The Real Hawkeye wrote:
Interestingly, as a matter of law, both of those cases were decided correctly. We don't like the outcomes that this fact signifies, so we say they were bad decisions. Actually, Dred Scott was overturned not by a revisit of the decision, but by the post Civil War Amendments to the Constitution.
You have said that the Supreme Court should address matters based solely on the Constitutional import. Some, here, have said that the Supreme Court's sole role is to interpret the Constitution.
The Supreme Court did not address one of the fundamental Constitutional Issue with which it was confronted -- Dred Scott's right to be free -- and focused instead on the slaveowner's property rights. Because Dred Scott was not a "citizen" he had no right to sue in any court! The minute the Supreme Court ruled that Scott (as a slave) had no standing to sue in court, everything else went out the window. He was not a citizen and therefore was not able to benefit from the protection of the laws. I suppose that using that reasoning, had his master chose to kill him, the master could not be prosecuted, either -- as Scott was not a citizen of the state?
As best I can tell, the Supreme Court, in the Dred Scott case, came by its decision using arguments based on precedent, common law, and statutory law. It was not fundamentally a pure application of Constitutional law.

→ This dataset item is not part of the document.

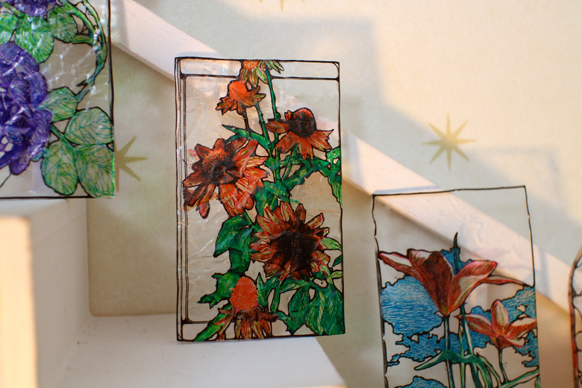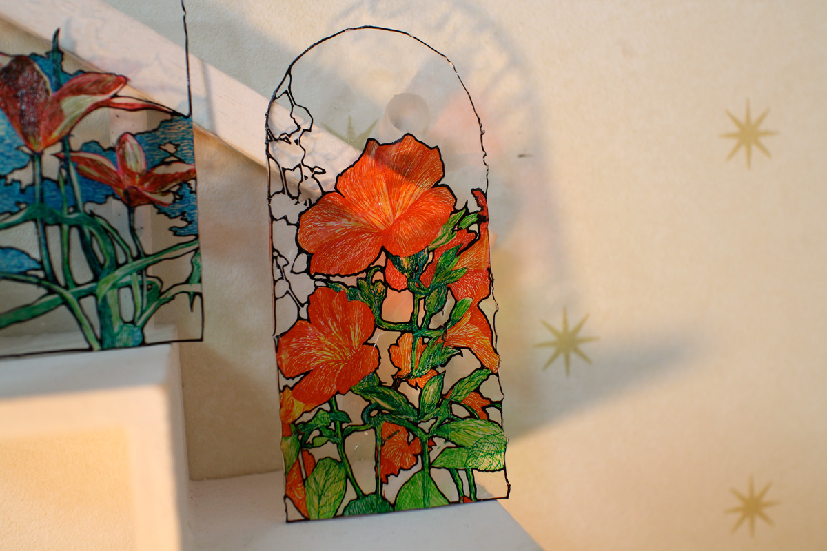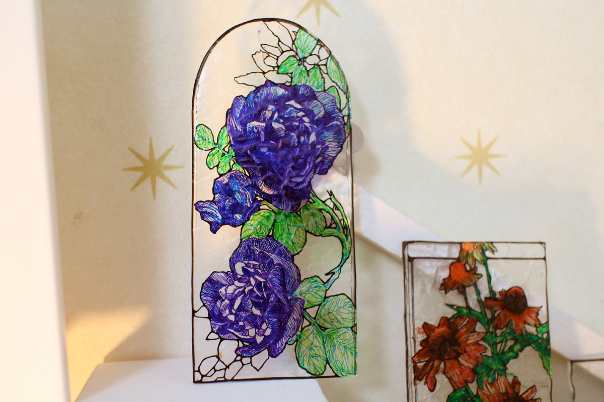 ミニチュアステンドグラスができました。 2013年10月11日 立体作品 ミニチュアステンドグラスを作りました。 庭に咲いている花をモチーフにしています。 表面はガラスの質を表現するため凸凹をつけたりしています。 ミニチュアステンドグラスは11月3日のデザインフェスタに持っていきます。 東京ビックサイト 1F ブースNO.F-237 hachiと合同で出展致します。 ぜひお立ち寄り下さい。

The Court refused to uphold one of those fundamental (unalienable) rights which, I think,
you have said in times past the Constitution should recognize and protect (
liberty)-- and protected, instead, a slaveowner's
property rights. This was done at the expense of Dred Scott's (unalienable?) right to life and liberty.
From the decision:
The rights of private property have been guarded with equal care. Thus the rights of property are united with the rights of person, and placed on the same ground by the fifth amendment to the Constitution.... An Act of Congress which deprives a person of the United States of his liberty or property merely because he came himself or brought his property into a particular Territory of the United States, and who had committed no offense against the laws, could hardly be dignified with the name of due process of law....
No real applicaton of the Constitution, here. They're just sustaining legal custom, precedent, and statutory law.
Need I call attention to the fact that the "property" in question
was a man? And that the right of property was given PRECEDENCE over the right of "person" in this case? Why should property be valued greater than liberty? (Because prior law had ruled that the "person" wasn't really a person, of course. Statutory law and precedent...)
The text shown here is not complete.